Le 21 octobre, à la succursale North York de la Bibliothèque publique de Toronto, Paul-François Sylvestre a expliqué comment une dizaine d’écrivains torontois ont dépeint la Ville Reine dans leurs romans, contes et nouvelles. Ces écrivains ne sont que la pointe de l’iceberg et ils en font voir de toutes les couleurs.
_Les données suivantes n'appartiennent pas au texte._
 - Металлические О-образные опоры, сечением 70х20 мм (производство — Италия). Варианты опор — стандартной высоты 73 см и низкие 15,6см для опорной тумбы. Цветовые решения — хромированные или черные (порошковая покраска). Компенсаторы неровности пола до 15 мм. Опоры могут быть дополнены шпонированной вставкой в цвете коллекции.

Toronto est avant tout une ville méconnue, voire mal-aimée. De toutes les villes canadiennes, on dit que Toronto est celle que les Canadiens aiment le plus… détester. Dans son roman intitulé Noëlle à Cuba, Pierre Karch campe un personnage qui est étonné de rencontrer un Torontois qui parle français: «– Comment vous avez fait ça? Ça n’a pas d’allure. Vous parlez presque aussi bien que nous autres. Il n’y a pas de Français, à Toronto, enfin pas de vrais. – Il y a moi. – Ah! bien. Ça parle au diable.»
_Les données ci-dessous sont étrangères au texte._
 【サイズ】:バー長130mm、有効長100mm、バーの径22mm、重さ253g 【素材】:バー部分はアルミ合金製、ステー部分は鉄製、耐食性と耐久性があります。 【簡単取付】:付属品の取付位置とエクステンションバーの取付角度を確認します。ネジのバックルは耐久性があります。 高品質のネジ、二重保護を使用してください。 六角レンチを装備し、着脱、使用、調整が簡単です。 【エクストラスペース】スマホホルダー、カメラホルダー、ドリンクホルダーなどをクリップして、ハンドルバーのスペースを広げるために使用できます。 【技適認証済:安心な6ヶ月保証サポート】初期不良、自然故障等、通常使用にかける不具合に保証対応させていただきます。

Les personnages de Daniel Soha, dans Chroniques tziganes, abondent dans le même sens. Un couple arrive de New York et s’installe à Toronto, dans un immense appartement du centre-ville dont leur morale new-yorkaise réprouve les plafonds trop bas. Soha écrit: «Tout leur semble laid, petit, mesquin, les gens leur ont l’air mal dégrossi, rustique, grotesque: une grosse bourgade prude et prétentieuse, sans humour ni talent».
La rue Yonge fait couler beaucoup d’encre. Dans son roman Sur la piste des Jolicoeur, Pierre Léon transporte son personnage Suzon depuis Chinon (France) jusqu’à Toronto. Elle est bien déçue de ne pas voir un ours polaire à sa descente d’avion; elle devra se contenter de remonter la vieille rue Yonge, «qui est un peu la Broadway de Toronto. Il faut surtout la voir la nuit avec toutes ses enseignes lumineuses et les flonflons de ses innombrables bastringues.»
Didier Leclair donne une description éclatée de la rue Queen dans son roman Toronto, je t’aime. Son personnage béninois découvre qu’il s’agit d’un bout de chemin où les gens crient à tue-tête, s’engueulent et s’invectivent dans toutes les langues imaginables. Leclair écrit que «la rue Queen aimait cultiver la différence. Dans ses vitrines, elle affichait ses trésors de pacotille avec l’irrévérence d’une reine sans royaume. Elle se voulait indomptée dans ses lignes de vêtements, ses meubles rétro, ses galeries d’art remplies de cadres sans toiles.»